Next, we examined anterior positivity amplitudes to determine if SCU sentence endings elicited greater anterior positivity ERPs. Previous work has operationalized the anterior positivity effect as a significant difference between SCU and WCU endings (Federmeier et al., 2007), or a difference between expected (E, collapsed across constraint) endings and SCU endings (DeLong et al., 2014). However, frontally distributed negativity responses have also been observed following expected endings to more highly constraining sentences (Wlotko & Federmeier, 2012). Therefore, the WCE condition, where neither a positivity nor a negativity is expected to be elicited, was used as baseline comparison condition. The difference between SCU endings and anomalous (A) endings was tested as well. The difference in anterior positivity amplitudes between SCU and WCU endings was not significant (β = −0.75, t = −1.55, p = .13). In contrast, the difference in anterior positivity amplitudes elicited by SCU and WCE endings was significant (β = −1.24, t = −2.59, p = .01), as was the difference between SCU and A endings (β = −1.43, t = −3.11, p < .01). To determine the specificity of the anterior positivity effect, an additional analysis compared anterior positivity amplitudes elicited by SCA endings to WCE endings; this comparison was not significant (β = 0.08, t = 0.14, p = .89). Thus, unexpected but plausible endings to SC sentences elicited an anterior positivity response.

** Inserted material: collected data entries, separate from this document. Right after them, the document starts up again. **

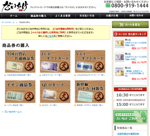 販売商品は全国百貨店共通商品券、信販系のJCBやVJA(旧VISA)のギフトカードなど販売してます。
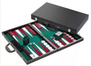 Als je deze grote backgammon Koffer op tafel legt dan ligt er ook echt wat. Hij is dus bedoeld voor de veel speler. De maten zijn 530 bij 320 bij 60 millimeter, als de koffer dicht is. De kleuren zijn traditioneel.
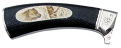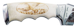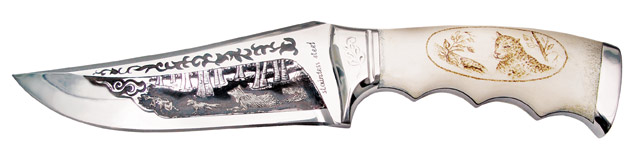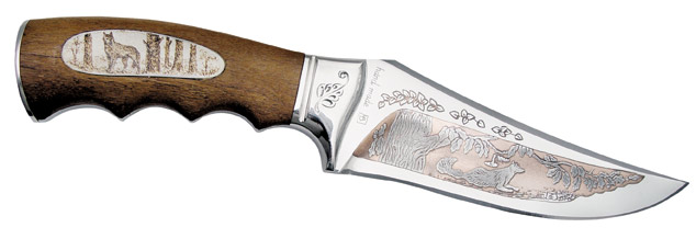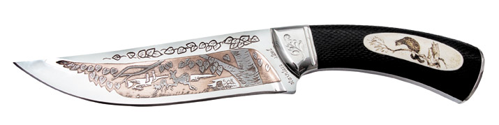 Корр. – Какой материал вы предпочитаете использовать в своих ножах? В. – Традиционные материалы, дающие гарантию качества и не вызывающие сомнения среди охотников и любителей ножей. Для клинков это нержавеющая сталь 95X18, обладающая высокой прочностью на излом и одновременно способная существенно увеличивать показатель твердости при термообработке. К тому же эксплуатация на охоте ножей из этого материала не вызывает сложностей из-за высокой устойчивости такой стали к коррозии. Для рукоятей ножей предпочитаю дерево и кость. Эти материалы красивы, приятны «на ощупь». Именно эти материалы позволяют применить в декоративном оформлении ножа техники, создающие у владельца ощущение традиционности этого предмета. А ведь охота – это одно из самых традиционных занятий человека, и все предметы, имеющие к ней отношение, должны быть носителями выработанных в течение длительного времени признаков охотничьего классицизма.
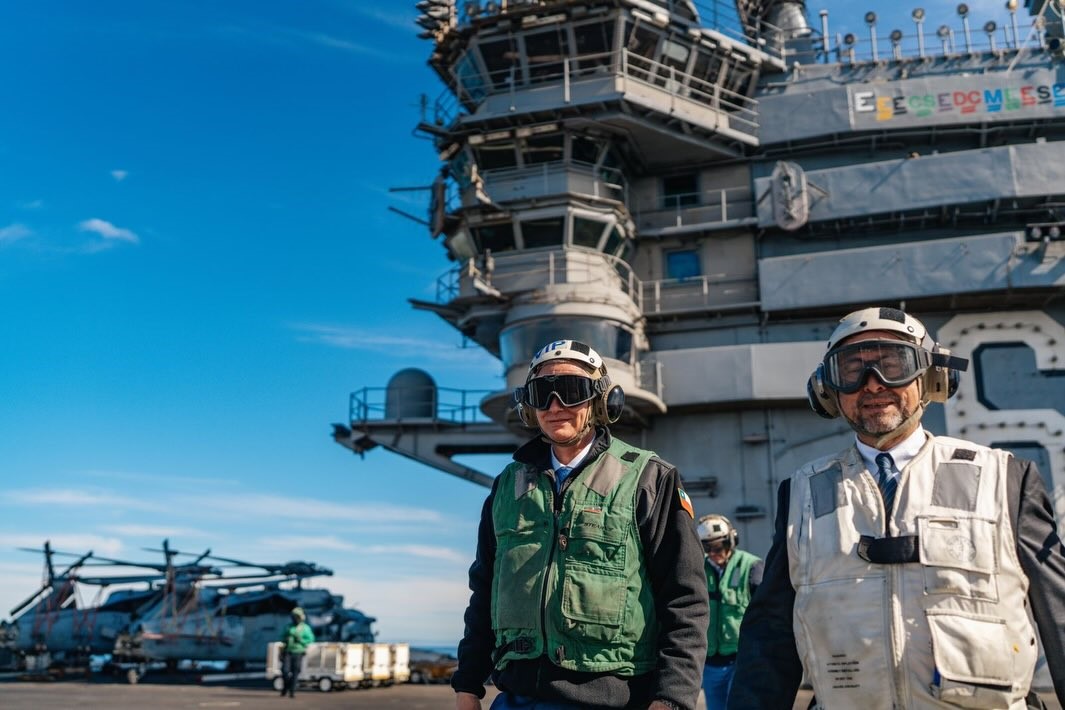 Presidente José Antonio Kast junto al canciller Francisco Pérez Mackenna, sobre la cubierta de vuelo del USS Nimitz (CVN-68) de la US Navy
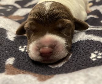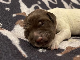 “Deposits are due once puppies have had 1st vet visit with tails/dewclaws done.”
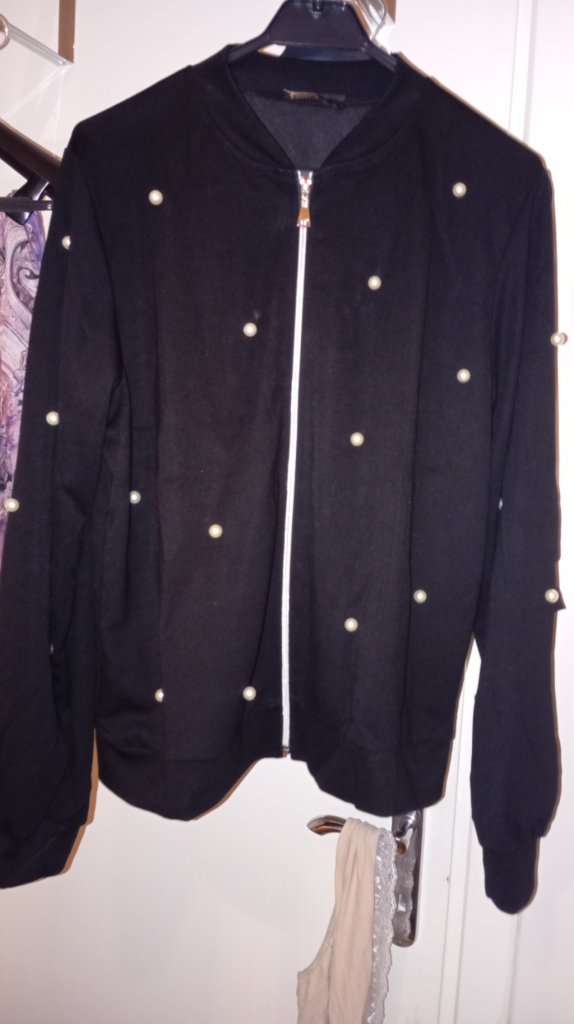 Kadın uzun kollu önden fermuarlı incili kısa modal ceket

Last, we examined posterior positivity amplitudes to determine if SCA sentence endings elicited greater posterior positivity ERPs. We tested the difference between SCA and WCA endings, as well as the difference between SCA endings and WCE endings, and SCA and unexpected (U) endings. All three comparisons were significant; specifically, posterior positivity amplitudes elicited by SCA endings were more positive compared with WCA endings (β = −1.07, t = −2.70, p = .01), WCE endings (β = −1.22, t = −2.93, p < .01), and U endings (β = −1.24, t = −3.43, p < .01). To determine the specificity of the posterior positivity effect, an additional analysis compared posterior positivity amplitudes elicited by SCU endings to WCE endings, which we used as a baseline condition for consistency with the anterior positivity analysis. This analysis produced a nonsignificant result (β = 0.58, t = 1.62, p = .11). Thus, semantically anomalous endings to SC sentences elicited a posterior positivity response.

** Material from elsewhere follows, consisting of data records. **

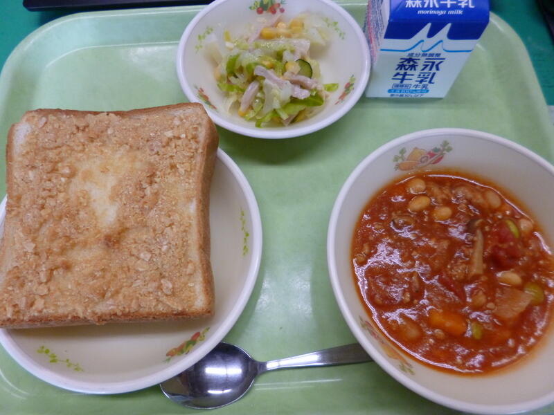 アーモンドトースト、牛乳、大豆とひき肉のトマト煮、コーンサラダ
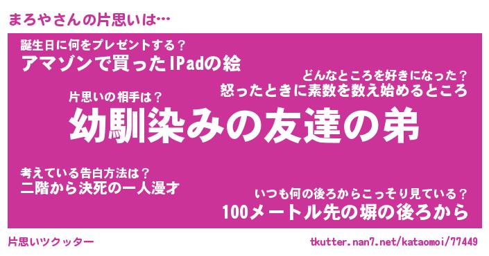 | ヘコむあだ名 | 『まろもー』『なまこ酢』『まろを』 |
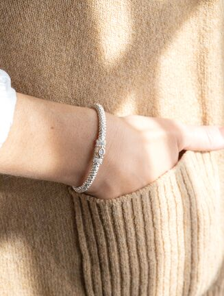 Weight: 2 Total Diamonds: 0.03 Total Carat Weight VAHAN's Trademark Moiré Beaded® pattern
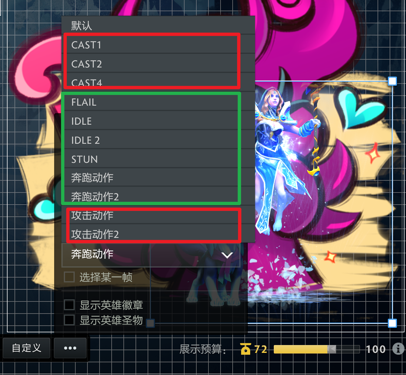 游戏中英雄的基础动画数并不多,以至宝冰女的动画为例,仅有5个定制动作与6个基础动作合计11个动画。(注意,上文可是提到了25种以上的状态机制,尤其是控制机制是会需要动画表现的!这个问题如何解决?)
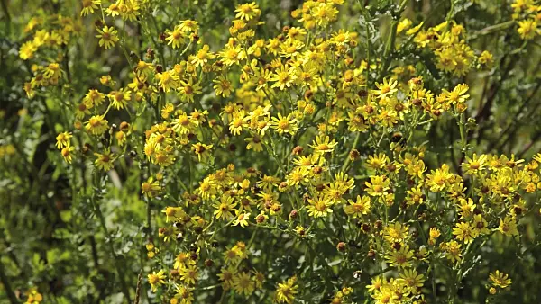 Silver groundsel (Senecio cineraria) and common heather (Calluna vulgaris)

To summarize the sentence-final ERP results, we replicated effects that were observed in prior studies. Namely, N400 amplitudes varied based on sentential constraint and expectancy, anterior positivites were elicited by unexpected endings of SC sentences, and posterior positivites were elicited by anomalous endings of SC sentences. Participants elicited neural responses that were indicative of engagement of anticipatory processing during reading, and likely did not engage in radically different processing during sentence reading, allowing us to link responses during sentence reading to future behavior on the recognition test.

Brain–Behavior Correlations

Partial correlation analyses were conducted to relate the magnitude of post-N400 ERPs (the anterior and posterior positivities) to downstream memory for matches and lures. These analyses related ERP amplitudes to recognition performance at the participant level, while controlling for overall memory performance. The results of these partial correlations are plotted in Figure 3.

Figure 3. .

Figure 3. 

Partial correlations between post-N400 ERP magnitudes (the anterior and posterior positivities) and downstream memory for matches and lures. ERP amplitudes were calculated as average measurements of the difference of the condition of interest (SCU for anterior positivities, SCA for posterior positivities) and the WCE condition. Accuracy reflects average “Old” response for the specific condition of interest, controlling for overall memory performance.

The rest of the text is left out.